Mr. Budnick said Brevard was a necessary lesson with a silver lining. If the marketplace, public officials, and voters now better understand both the risks and the stakes of lease obligations, it will be easier to handle similar circumstances the next time around, he said.

"I'd like to pick a less bumpy road," Mr. Budnick said. "But this is how you do it. And I anticipate there will be more local politicians who question leases."

Mr. Richman of FGIC said the Brevard deal brought a mixed package to the market. "There's good news and bad news here," he said. "The bad news was that it got as far as it did. The good news was the market reaction; the media reports and experts' involvement had the desired impact.

"We know now that substantial issuers are not ultimately going to screw up their market access," he added. "That was proven out in Brevard County."

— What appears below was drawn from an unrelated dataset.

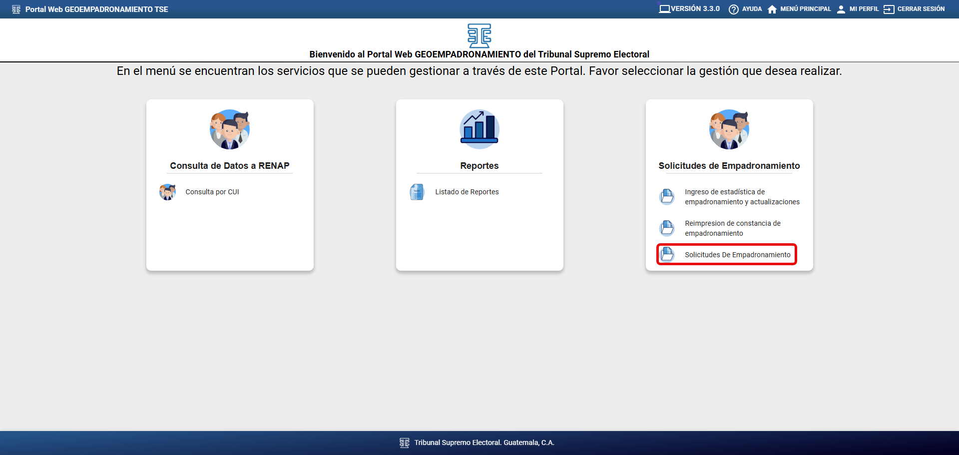El proceso de Gestión de Solicitudes de Empadronamiento o Actualización de solicitudes de origen RENAP, tiene como objetivo ayudar al empadronador a gestionar las solicitudes de Empadronamiento o Actualización generadas con origen RENAP, tanto para territorio nacional como para territorio extranjero.
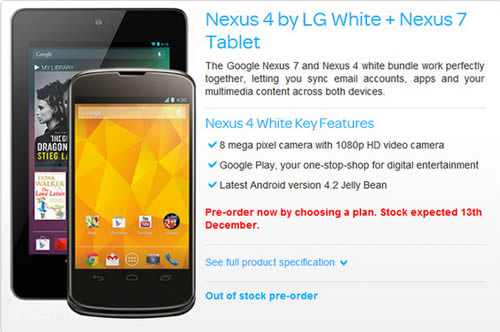 แม้จะไม่ได้ประกาศอย่างเป็นทางการว่า LG Nexus 4 จะออกรุ่นสีขาวมาเพิ่มเติมในเร็ววันนี้ แต่แหล่งข่าวแห่งหนึ่งได้เผยรายละเอียดการสั่งซื้อล่วงหน้าผ่าน TalkTalk ผู้ให้บริการเครือข่ายมือถือใน UK ว่าจะมี LG Nexus 4 ในเวอร์ชั่นสีขาว พร้อมกับ Nexus 7 ซึ่งคาดว่าจะมีสินค้าในสต็อกวันที่ 13 ธันวาคมนี้ อย่างไรก็ตามคงจะต้องติดตามกันอีกครั้งว่า LG Nexus 4 เวอร์ชั่นสีขาวนั้นจะมีวางจำหน่ายจริงหรือไม่

All sources agreed that lease volume will continue increasing as voters become less willing to approve everything from schools to prisons. Gayle Robinson, senior vice president at AMBAC Indemnity Corp., said that as the market grows, insurers cannot relax their guard.

"We walk carefully among" the California leases, for example, Ms. Robinson said. "We do earthquake testing, essentially testing, rental interruption testing.

"We would not want to do a golf course," she continued, "because if the budget gets tight and it comes to keeping the schools open, the golf course will suffer."

And Ms. Robinson stressed that,d in the end, leases are different animals. "Fundamentally, the legal construction is different," she said. "Whenever you allow a will or a will-not appropriate option, it's more risky than putting a line item in a budget."